There is seemingly no information about Bad Guitar Studio on the entire internet. It doesn’t have a website or any social media presence. It would be easy to assume that it’s the little guy trying to take on the industry behemoths of Valve and Riot. However, Fragpunk is backed by Netease, so presumably Bad Guitar Studio is a brand new subsidiary or development team within the $60 billion company.
Valorant did it. The game was released four years ago today, and has gone from success to success. Whether it brought new players to the tactical shooter genre with its colourful presentation, interesting characters, and magical abilities, or tore players away from CS:GO, it survived. In fact, it’s done more than survive, it’s thrived.
According to a Bloomberg report from last year (paywalled), Valorant has 28 million active players a month. Compare that to information from SteamDB, which shows Counter-Strike 2 averaged 947,520 players a day in June – a total of approximately 28 million players a month, and you can see that the two coexist in relative harmony.
But can a third game disrupt this duopoly? Is there room for a third in this symbiotic relationship? Neither Valve nor Riot would relish another challenger, especially one with such powerful financial backing behind it, but Netease is forcing its way in. Fragpunk wants to be the game that upsets the status quo.
It’s got a lot going for it. The gameplay is fast and exciting, the characters are interesting and varied. The shooting feels really good, even if I have to relearn my Apex Legends strategies when moving back to a tactical shooter. I also like the fact that, if you die in a round, you can’t pick the same weapon again that match.
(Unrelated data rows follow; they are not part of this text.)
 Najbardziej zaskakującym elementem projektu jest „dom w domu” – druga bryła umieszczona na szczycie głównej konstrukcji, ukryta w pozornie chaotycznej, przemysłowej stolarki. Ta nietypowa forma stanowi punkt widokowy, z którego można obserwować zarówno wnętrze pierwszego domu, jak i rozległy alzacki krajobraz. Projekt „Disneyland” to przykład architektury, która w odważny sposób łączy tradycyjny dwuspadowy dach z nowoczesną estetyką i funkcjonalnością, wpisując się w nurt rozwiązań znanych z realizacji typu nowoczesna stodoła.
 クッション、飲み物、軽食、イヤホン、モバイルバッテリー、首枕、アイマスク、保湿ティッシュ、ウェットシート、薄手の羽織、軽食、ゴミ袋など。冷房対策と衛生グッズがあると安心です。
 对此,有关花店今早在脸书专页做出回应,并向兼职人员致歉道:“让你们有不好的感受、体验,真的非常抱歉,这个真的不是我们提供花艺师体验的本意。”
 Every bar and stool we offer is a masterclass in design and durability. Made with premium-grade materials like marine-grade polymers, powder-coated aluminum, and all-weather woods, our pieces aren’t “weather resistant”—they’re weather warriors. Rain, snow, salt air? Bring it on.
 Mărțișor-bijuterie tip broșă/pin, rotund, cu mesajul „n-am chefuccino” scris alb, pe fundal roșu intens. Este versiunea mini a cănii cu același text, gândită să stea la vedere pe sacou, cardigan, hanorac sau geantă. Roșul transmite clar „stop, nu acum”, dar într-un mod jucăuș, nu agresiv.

It forces diversity and tactical flexibility, stops any builds from becoming too oppressive, and means I’ve found a favourite shotgun that I wouldn’t have touched if I could stick to a trusty assault rifle every round.
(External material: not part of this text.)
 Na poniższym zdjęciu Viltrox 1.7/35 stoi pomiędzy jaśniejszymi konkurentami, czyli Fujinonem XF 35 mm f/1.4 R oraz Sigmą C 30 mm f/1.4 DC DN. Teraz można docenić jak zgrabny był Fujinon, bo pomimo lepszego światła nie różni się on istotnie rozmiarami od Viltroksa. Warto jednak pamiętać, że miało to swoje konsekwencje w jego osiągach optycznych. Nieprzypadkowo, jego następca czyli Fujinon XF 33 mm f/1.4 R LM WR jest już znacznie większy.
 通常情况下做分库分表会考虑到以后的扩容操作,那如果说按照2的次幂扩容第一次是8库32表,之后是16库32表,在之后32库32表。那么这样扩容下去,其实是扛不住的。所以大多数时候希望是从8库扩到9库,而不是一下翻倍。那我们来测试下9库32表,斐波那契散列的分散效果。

Any game trying to break into an existing genre with such dominant titles already in play needs to differentiate itself a little. Apex Legends rewrote the battle royale playbook with its Titanfall-esque movement and industry-changing ping system. The Legend of Zelda: Breath of the Wild redesigned open worlds from the ground up with more natural storytelling as you explored. Fragpunk adds a little bit of Slay the Spire to the tactical shooter genre.
You collect cards as you play matches, adding them to your deck. You use them in the preparatory stage of each round, voting with points gained by killing opponents to grant your team buffs like +25 percent headshot damage or a brief shift to an opponent’s perspective to gain intel. These cards add a great deal of tactical depth to each round, and clever use of a buff can be enough to turn the tide when you’re at risk of being swept.
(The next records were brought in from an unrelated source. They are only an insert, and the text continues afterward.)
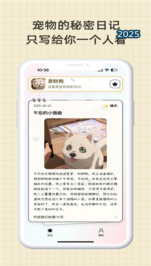2. 日记生成系统:基于自然语言生成技术与情感计算模型,专属萌宠每日自动生成手写风格的暖心日记,细腻记录与用户的互动点滴。日记内容涵盖清晨撒娇、午后慵懒、夜晚陪伴等多样化场景,系统通过情感语义分析捕捉用户互动时的情绪波动,并将其转化为宠物视角的温暖文字,使每篇日记都充满个性化治愈感,增强情感连接的深度与真实度。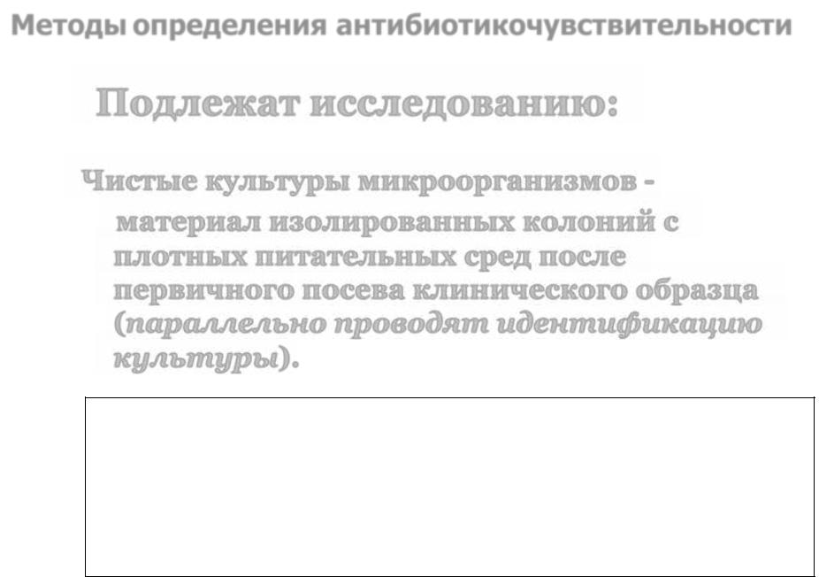 Определение спектра чувствительности выделенных штаммов к антибиотикам регламентируется методическими указаниями МУК 4.2.1890-04 «Определение чувствительности микроорганизмов к антибактериальным препаратам».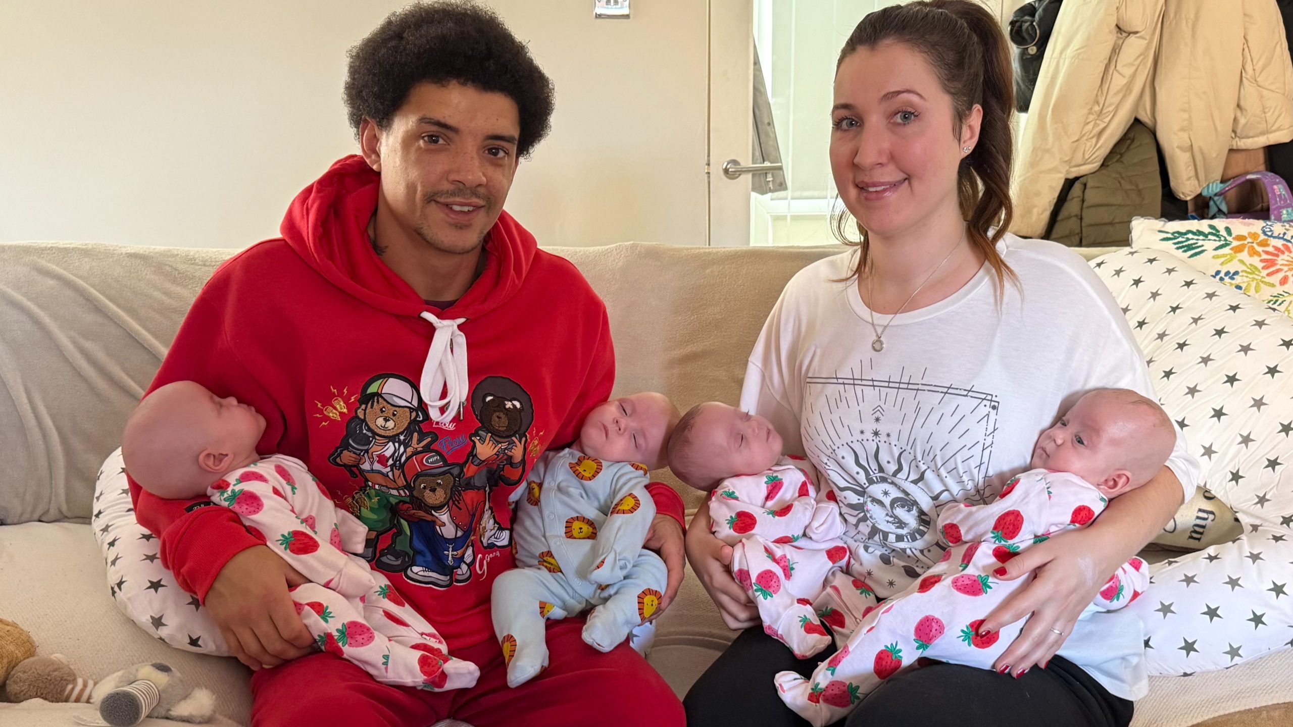 All four home. Laughter echoing instead of beeps. Four little hearts beating together under one roof. Chaos? Yes. Love? A thousand times more

These cards also offer something more important, from Bad Guitar’s perspective at least: replayability. You need to collect all the different cards to have as many potential buffs to draw from each round, so you need to keep playing Fragpunk rather than switching back to Valorant. While there’s some cool cosmetics in the game already (a goose hat for Nitro is a personal highlight), these aren’t currently enough to keep me playing. Live-service games rely on cosmetic sales (whether through loot boxes, which weren’t present in the Fragpunk alpha test, or direct sales) to earn money and keep players engaged, but if Fragpunk can engage players with its card collecting mechanic instead, that could be a feather in its cap.
CloseI’m not holding out too much hope – Netease didn’t become a $60 billion company by being pro-consumer, after all – but Fragpunk could offer a more ethical approach to live-service. Like Helldivers 2, which doesn’t deal in FOMO-laden battle passes, Fragpunk could focus on empowering players’ decks as a reward for their time, rather than enticing them back online with paid cosmetics and events.
Fragpunk’s commercial strategy isn’t clear from the alpha, but if players can buy cards with real money, that presents very real pay-to-win problems.
More importantly, Fragpunk is really fun. That’s ultimately what will encourage players to come over from Counter-Strike 2 or Valorant. The live-service trappings, monetisation, and events are what will be crucial to retaining those players, but Fragpunk has the exciting gameplay and interesting aesthetic to make a splash when it releases.
It’s easy to forget that Counter-Strike itself started as a Half-Life mod. Who’d have thought it would go on to be the most popular game on Steam? Fragpunk is starting from far less humble beginnings. But with Counter-Strike 2 and Valorant cornering such a vast market share, is there room in this committed relationship for another? Can Fragpunk persuade the pair into trying out a ménage à trois? And will it have the staying power once it’s broken into the tactical shooter duopoly? These are all questions that can’t be answered during a four-day alpha test, but the initial signs look positive.